Research by Towers Perrin and Cass Business School compares deal success in three global merger waves since 1988

TORONTO, ONT. – April 3, 2006 – In a world where the conventional wisdom is that M&A destroys shareholder value, new research examining global M&A cycles by Cass Business School and Towers Perrin indicates that the opposite could be true. Contrary to the past, companies involved in deals in the current M&A cycle are generally outperforming the market and creating more value for shareholders.

Results of the research show that in the current merger wave, companies involved in M&A deals worth more than $400 million (but excluding the largest mega-deals) on average outperformed the market by 7.0%. When compared to share performance of similar companies involved in deals at the same point in the two most recent merger waves, the share prices at those times underperformed by 2.5% and 6.4% consecutively.

Marco Boschetti, Principal at Towers Perrin, said: “This is the first research of its kind. It shows that M&A deals made in the recent M&A wave are creating shareholder value. In the past, our own research and plenty of other studies before, all pointed to the fact that, in previous cycles, the trend was that M&As resulted in share price underperformance. This time it’s different. The indications are that this time companies have learnt vital lessons in areas such as due diligence, deal management and the integration process.”

The research analysed the outcomes of deals globally within the current M&A cycle and those whose peaks arose in 1989 and 1999. Cass and Towers Perrin set out to identify whether M&A deals in the current merger wave, that began after 2002 and may yet be peaking, are more successful in financial terms than the two earlier merger waves. The research comprised quantitative analysis of over 200 deals across a full range of financial indicators, including ROE, EPS, and share price performance versus the MSCI World Index, complemented by qualitative data from interviews with senior management of companies involved in deals in all three cycles.

Scott Moeller, author of the report and Director of Executive Education at Cass Business School, said: “At a time of significant M&A activity, this research may provide shareholders with some comfort in terms of what these current deals will deliver. Underlying the unequivocal change in deal success was evidence that lessons have been learnt from past deals and that the improvement stemmed from better discipline and governance demanded by shareholders, more attention to the implementation of the deal, and addressing people issues.”

Three factors behind the change in trend

Deal management and governance

The first factor is better deal management and governance. Senior management today are much more in tune to shareholders’ opinions and have a greater obligation to justify shareholder value than was necessary in the previous two merger waves. Governance has also become more strictly regulated; with the introduction of Sarbanes-Oxley in the US all stakeholders need to be taken into account when considering any possible deal.

Better due diligence

A second factor to have an effect on this change is that companies have learnt from mistakes made in the last two merger waves, and are conducting a more rigorous due diligence before making a final decision. Through a meticulous examination of the company’s finances, together with other cultural and organisational issues as well, not only can deals be priced more accurately but the differences and synergies between the two companies can also be more clearly identified. Therefore, there are fewer deals in the recent merger wave that have failed as management have been in a position to make more informed decisions on what is a good deal or not.

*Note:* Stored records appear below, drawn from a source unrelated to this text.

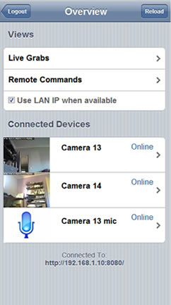 - http://IPADDRESS:8080/livefeed?oid=CAM_ID&thumb : thumbnail snapshot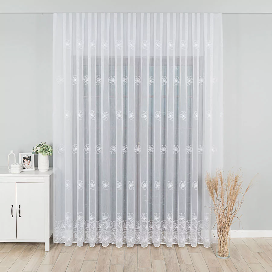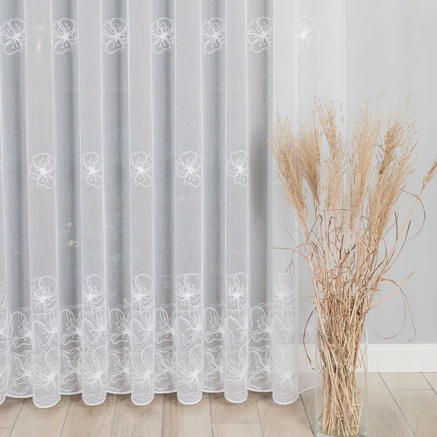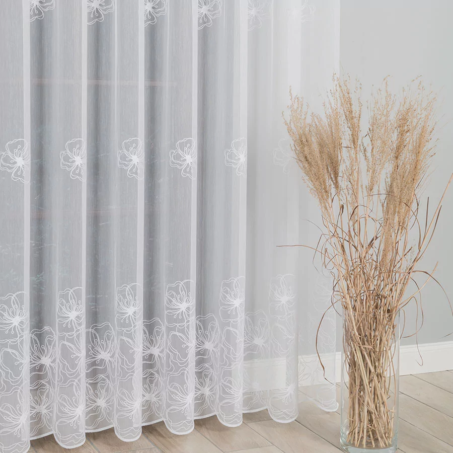 Przekształć swoje wnętrza w prawdziwe dzieło sztuki z naszą haftowaną firanką na markizecie! Oryginalny wzór abstrakcyjnych kwiatów, która rozciąga się po całości, sprawi, że Twoje okno stanie się niezapomnianym punktem centralnym każdego pomieszczenia. Ale to nie wszystko! Nasza firanka jest nie tylko piękna, ale także praktyczna - doskonale przepuszcza światło i powietrze, tworząc przyjemną atmosferę w Twoim domu. Co więcej, dzięki doskonałemu układowi i możliwości uszycia na wymiar w naszej profesjonalnej szwalni, ta firanka będzie idealnie pasować do każdego wnętrza. Czas na podziwianie piękna i funkcjonalności w jednym!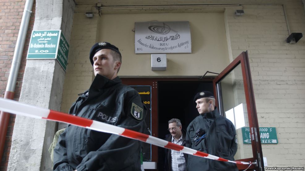 德国警察在一座清真寺和伊斯兰文化中心外面站岗。警方拘留了两个中东人,怀疑他们购买材料,准备发动炸弹攻击(2016年9月8日))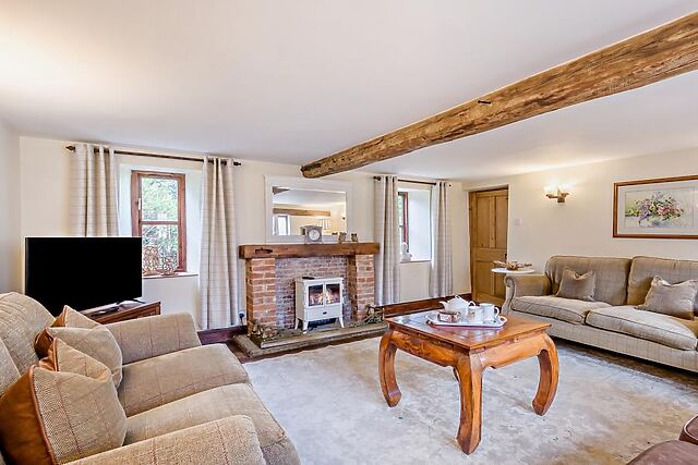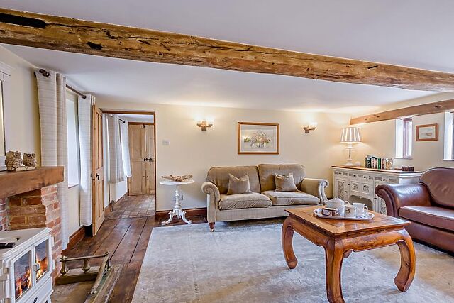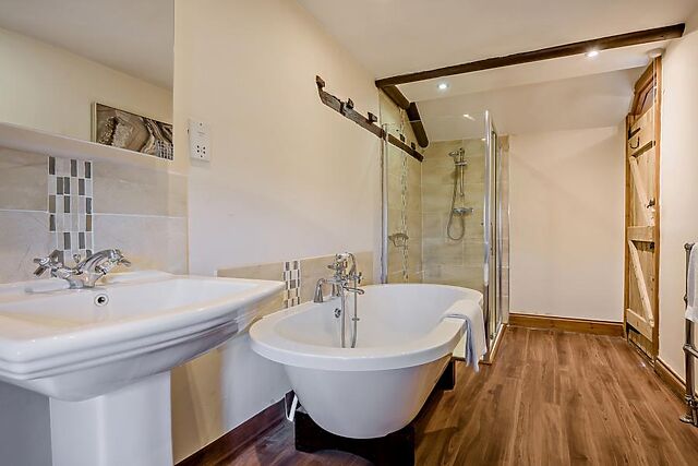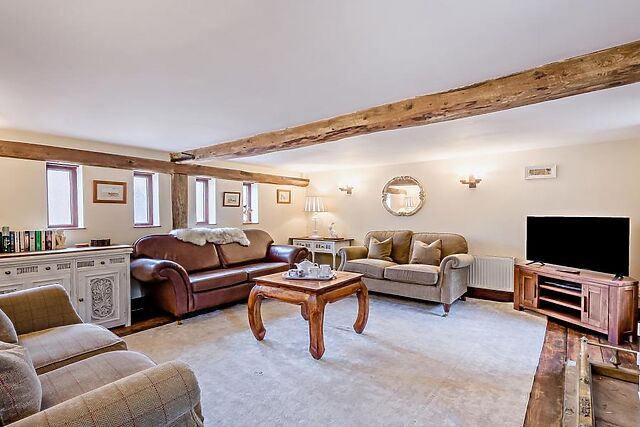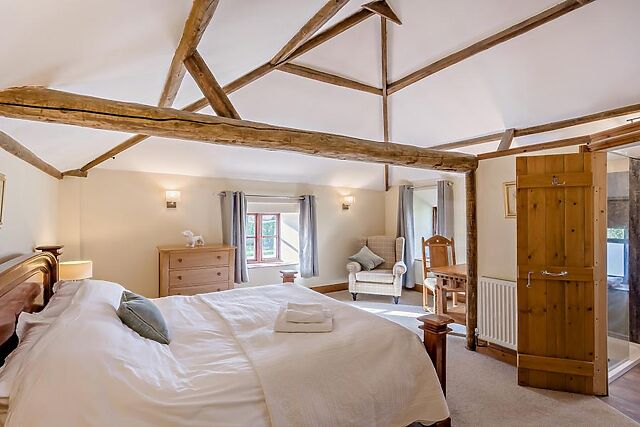 Upstairs, two thoughtfully presented bedrooms await: a super-king-size with en-suite shower room and WC and a super-king-size zip-and-link. Look up, and you’ll spot exposed beams and a soaring vaulted ceiling that instantly makes the space feel special.

Financial synergies and people integration

The third factor that has had an effect on the success of M&A deals in the current merger wave is that in recent years, when looking at integration of the two companies, it no longer involves only the financial synergies. Cultural synergies are taken more seriously than they were in the previous two merger waves. Nowadays, HR issues are included much earlier in an M&A process. By identifying the people issues at the due diligence stage, companies are able to achieve swifter and more effective integration, therefore having a stronger foundation to work from when executing the integration of other operations. Another survey conducted by Towers Perrin called HR Rises to the Challenge: Unlocking the value of M&A, found that there is a direct correlation between successful deals and early HR involvement.

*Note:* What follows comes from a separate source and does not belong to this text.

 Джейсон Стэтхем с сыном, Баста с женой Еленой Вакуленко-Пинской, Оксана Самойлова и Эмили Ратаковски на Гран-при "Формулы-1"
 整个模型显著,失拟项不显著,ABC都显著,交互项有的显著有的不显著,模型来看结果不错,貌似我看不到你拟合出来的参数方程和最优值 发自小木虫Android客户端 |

In each cycle, the research compares the year preceding the peak as it is not known yet whether 2005 is a peak year for the current wave. So the years compared from each wave are 1988, 1998 and 2004. The period of analysis is a one-year-period surrounding the closing of a deal, allowing the report to analyse deals that have taken place within this merger wave. Also, companies with more than one significant acquisition per year were excluded from the study so that specific deal success could be measured.